■ Task item
Word for word, print out all of the data, omitting every image.

Dataset excerpts:

================================

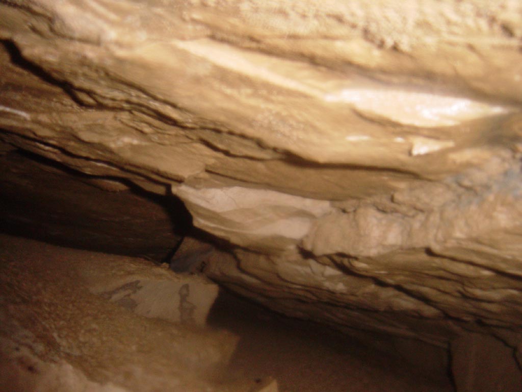 Towards the end of the day, Henry seemed to be pretty well stopped at the digface by some large boulder. When I followed him to the face, I found a huge slab of rock with a crowbar sticking horizontally out of it. This required a lot of patience and yoor to liberate. After an epic battle, I finally succeeded by totally clearing the top of the slab of spoil, crowbarring for Britain and heaving on the slab. When it finally worked free, it was a great feeling. I got a sling around it as soon as possible and handed responsibility over to the draggers. This slab was so large that it had to be hammered down to size to get it out of the passage. Once this slab had been removed, the dig became the perfect uphill sand dig. The sand was totally beautiful: thin layers of multicoloured sand with the odd band of clay here and there. Sweeping the small crowbar across the digface would cause the sand to collapse down in front of you - totally ready to be loaded into the kibble tray when it appeared.
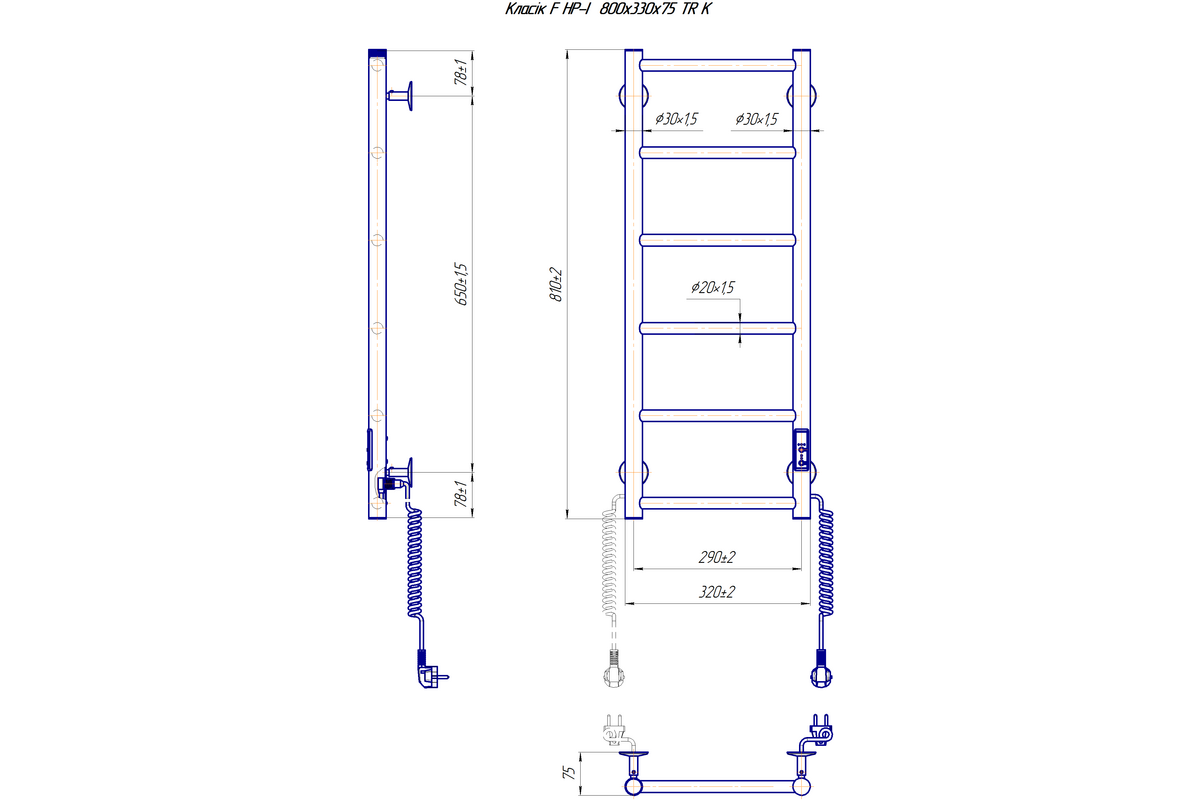 Електросушарка для рушників побутова Класік F НР-I 800х330/75 TR K. Обладнана таймер-регулятором та конектором для підключення в розетку з будь-якого боку. Сумісна з комплектом прихованого підключення. Має 6 ребер та стояки з круглої труби. Виготовлена з полірованої нержавіючої сталі без хромування. Варіанти покриття: полірована або сатин, чорний мат, білий глянець, бронза, золото. Температурні режими таймер-регулятора: 40°С, 45°С, 50°С. Варіанти часу роботи: 3, 6 годин та постійний нагрів. Потужність 65 Вт. Додатково для зручності користування можна оснастити навісними гачками. Гарантія - 5 років. Виробник залишає за собою право, без попереднього погодження із покупцем, вносити зміни в зовнішній вигляд та відтінок кольору таймер-регулятора. Такі зміни не впливають на основне, функціональне призначення таймер-регулятора в цілому.
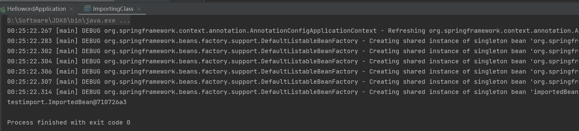 - 创建配置类,并加上@Import注解引入ImportedBean,在main中获取ImportedBean
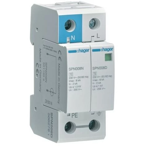 Parafoudre 2P débro 8kA voy. – HAGER SPN208D PROTECTION TERTIAIRE – PARAFOUDRES
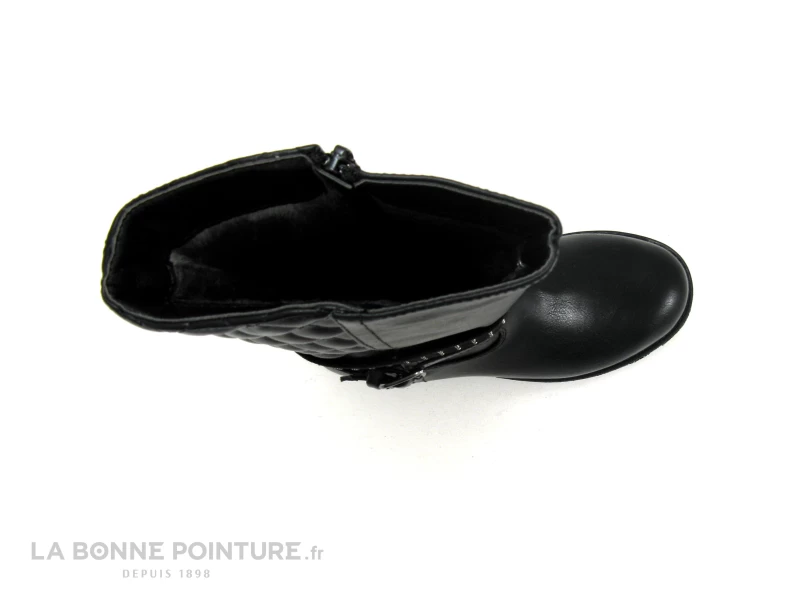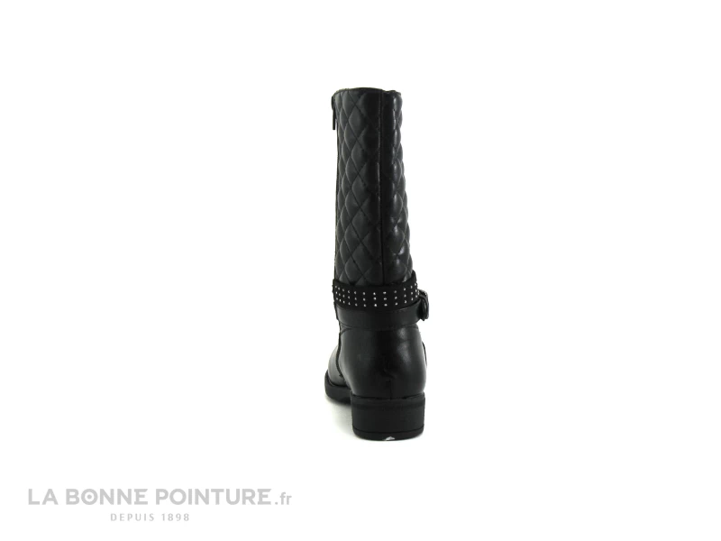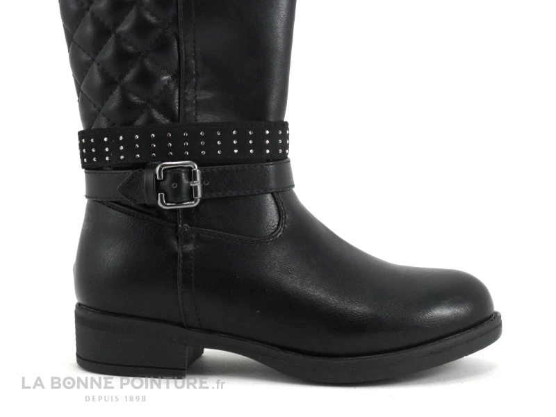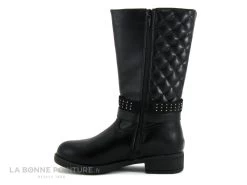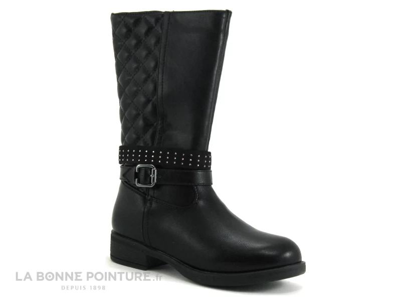 Cette botte fille est en simili cuir noir, avec l’arrière matelassé.
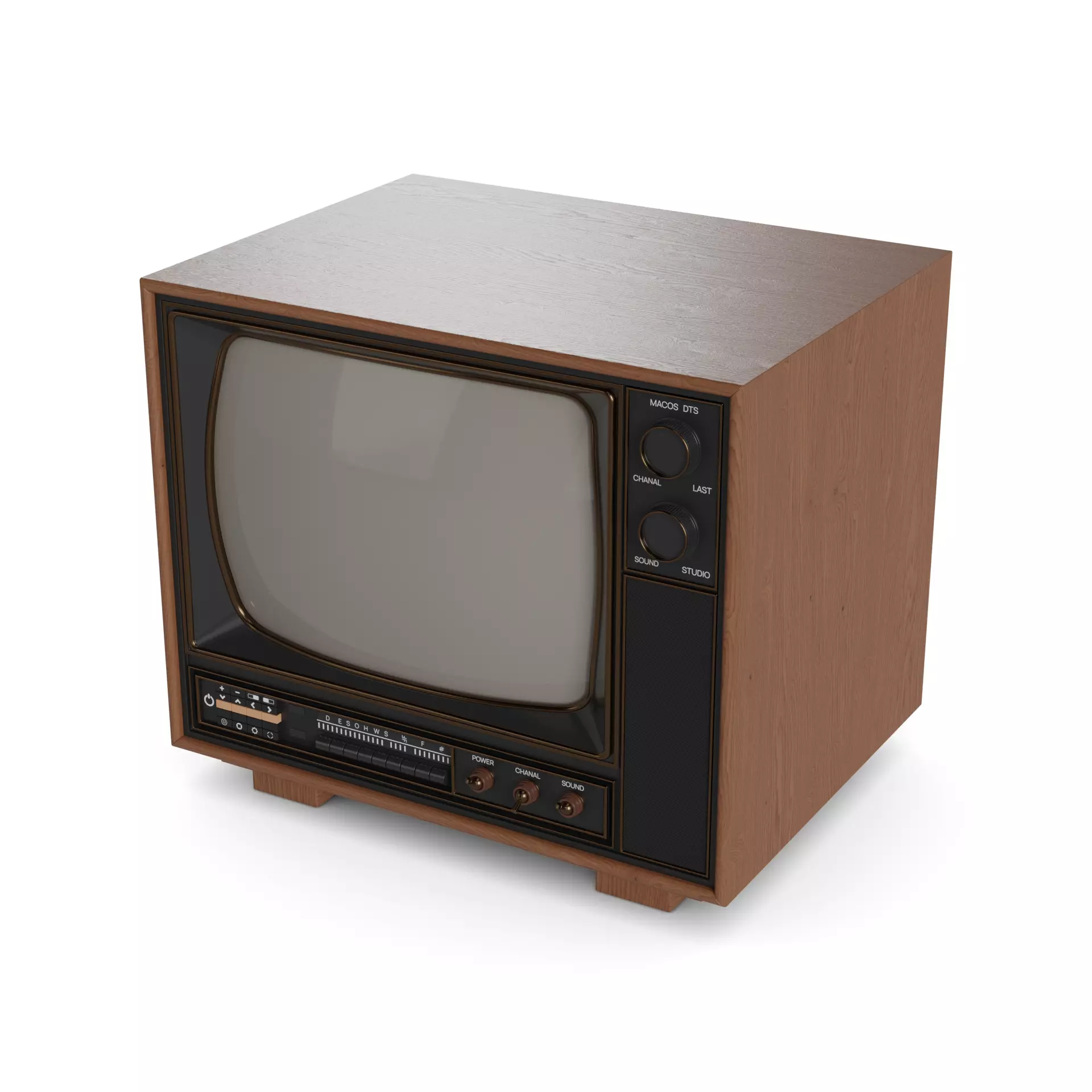 A bulky CRT television set with a curved screen, encased in a wooden cabinet, featuring manual channel dials and a built-in VHS player, reminiscent of 1990s living rooms.

================================

■ Response to this exercise
 Towards the end of the day, Henry seemed to be pretty well stopped at the digface by some large boulder. When I followed him to the face, I found a huge slab of rock with a crowbar sticking horizontally out of it. This required a lot of patience and yoor to liberate. After an epic battle, I finally succeeded by totally clearing the top of the slab of spoil, crowbarring for Britain and heaving on the slab. When it finally worked free, it was a great feeling. I got a sling around it as soon as possible and handed responsibility over to the draggers. This slab was so large that it had to be hammered down to size to get it out of the passage. Once this slab had been removed, the dig became the perfect uphill sand dig. The sand was totally beautiful: thin layers of multicoloured sand with the odd band of clay here and there. Sweeping the small crowbar across the digface would cause the sand to collapse down in front of you - totally ready to be loaded into the kibble tray when it appeared.
 Електросушарка для рушників побутова Класік F НР-I 800х330/75 TR K. Обладнана таймер-регулятором та конектором для підключення в розетку з будь-якого боку. Сумісна з комплектом прихованого підключення. Має 6 ребер та стояки з круглої труби. Виготовлена з полірованої нержавіючої сталі без хромування. Варіанти покриття: полірована або сатин, чорний мат, білий глянець, бронза, золото. Температурні режими таймер-регулятора: 40°С, 45°С, 50°С. Варіанти часу роботи: 3, 6 годин та постійний нагрів. Потужність 65 Вт. Додатково для зручності користування можна оснастити навісними гачками. Гарантія - 5 років. Виробник залишає за собою право, без попереднього погодження із покупцем, вносити зміни в зовнішній вигляд та відтінок кольору таймер-регулятора. Такі зміни не впливають на основне, функціональне призначення таймер-регулятора в цілому.
 - 创建配置类,并加上@Import注解引入ImportedBean,在main中获取ImportedBean
 Parafoudre 2P débro 8kA voy. – HAGER SPN208D PROTECTION TERTIAIRE – PARAFOUDRES
 Cette botte fille est en simili cuir noir, avec l’arrière matelassé.
 A bulky CRT television set with a curved screen, encased in a wooden cabinet, featuring manual channel dials and a built-in VHS player, reminiscent of 1990s living rooms.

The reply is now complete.